British Police Forces Lobbied to Employ Discriminatory Facial Recognition Technology

Police forces across the United Kingdom successfully lobbied to use a face scanning system acknowledged as biased against females, youths, and members of ethnic minority groups, after complaining that a less biased version generated a reduced number of investigative leads.

How the System Works

UK forces utilize the police national database (PND) to carry out searches using historical face recognition. This procedure entails matching a “probe image” of a person of interest against a database of over 19 million custody photos to identify possible hits.

Admitted Bias

The Home Office admitted last week that the system was biased. This acknowledgment came after a study by the government's National Physical Laboratory found it incorrectly matched people of Black and Asian heritage and women at much greater frequency than white men. The Home Office said it “took steps on the findings”.

“It prompts the question of whether this technology only becomes effective if users tolerate discrimination in ethnicity and sex. Convenience is a weak argument for overriding fundamental rights.”

Known Issue

Official papers reveal that this bias has been recognized for over twelve months. Furthermore, police forces argued to overturn an earlier ruling that was designed to mitigate the problem.

Senior officers were informed of the system's bias in September 2024. The Home Office-commissioned laboratory study found the system was more likely to produce incorrect matches for images depicting females, Black people, and those under 40 years old.

A Policy U-Turn

In response, the national police leadership body ordered that the accuracy setting required for potential matches be raised to a point where the bias was significantly reduced.

However, this directive was reversed the following month after forces complained that the adjusted system was generating fewer “investigative leads”. Internal records show the higher threshold cut the number of searches that yielded possible identifications from 56% to a mere under 15%.

Severe Disparities

Although the Home Office and NPCC declined to specify what threshold is now in operation, the recent NPL study found the system could produce false positives for women of Black heritage nearly a hundred times more often than for Caucasian women at certain settings.

The ministry stated on these results: “Our evaluation identified that in a limited set of circumstances the software is more likely to incorrectly include some population segments in its match reports.”

Operational Effectiveness vs. Bias

Outlining the effect of the brief increase to the system's accuracy setting, the NPCC documents note: “This adjustment significantly reduces the impact of discrimination across protected characteristics of ethnicity, generation and gender but had a substantially detrimental effect on police efficiency”. The papers add that forces argued that “a previously useful tool now delivered outcomes of questionable value”.

Broader Rollout Plans

Meanwhile, the government has opened a two-and-a-half-month public review on its proposals to expand the use of facial recognition technology. Policing minister Sarah Jones has described the technology as the “biggest breakthrough since DNA matching”.

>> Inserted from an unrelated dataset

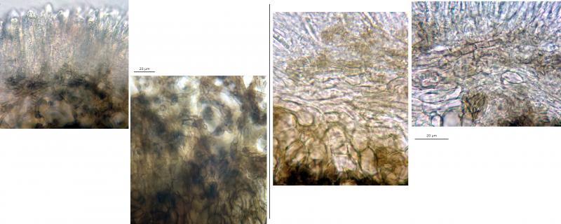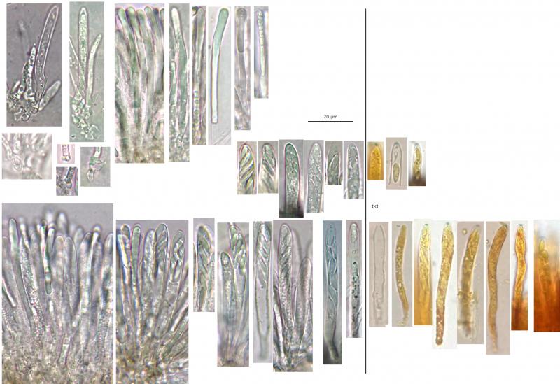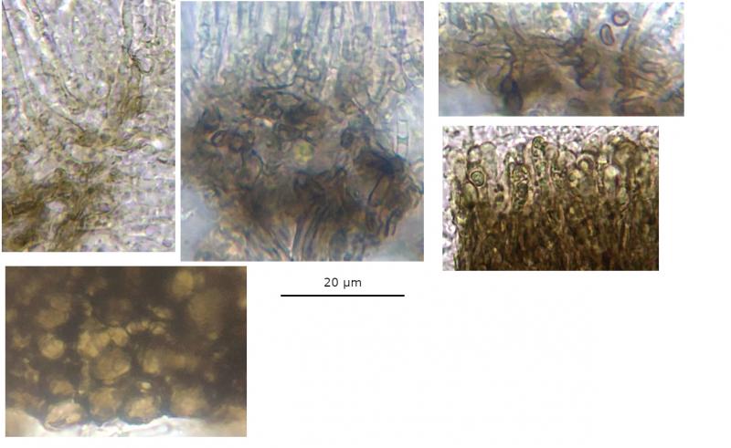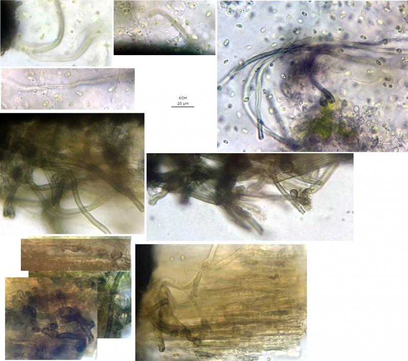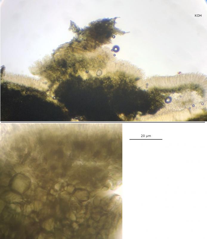 KOH: Ectal excipulum more brownish-olivaceous in thin sections, maybe a similar reaction in subhymenium, no reactions from hymenium.

Criticism from Advisors and Monitors

The chair of a police oversight board, chair of the advisory panel for the police race action plan, said: “We observed scant discussion through equality strategy sessions of the facial recognition rollout despite clear relevance with the plan’s concerns.

“These revelations demonstrate yet again that the anti-racism commitments the police has made via the race action plan are not being translated into wider practice. Independent assessments have warned that innovative tools are being implemented in a context where ethnic inequalities, weak scrutiny and faulty information gathering continue to exist.

“All deployment of facial recognition must adhere to strict national standards, be subject to external review, and demonstrate it reduces rather than exacerbates ethnic bias.”

Official Statement

A government representative stated: “We takes the findings of the report seriously and we have already taken action. A updated software has been independently tested and procured, which has demonstrated no measurable discrimination. It will be trialled in the coming months and will be subject to evaluation.

“Our priority is protecting the public. This gamechanging technology will assist police to put criminals and rapists behind bars. There is human involvement in every step of the procedure and no arrest or charge would be taken without trained officers carefully reviewing the output.”

Stephanie Snow
Stephanie Snow

A tech enthusiast and gaming analyst with over a decade of experience in the industry, specializing in emerging technologies and user experience.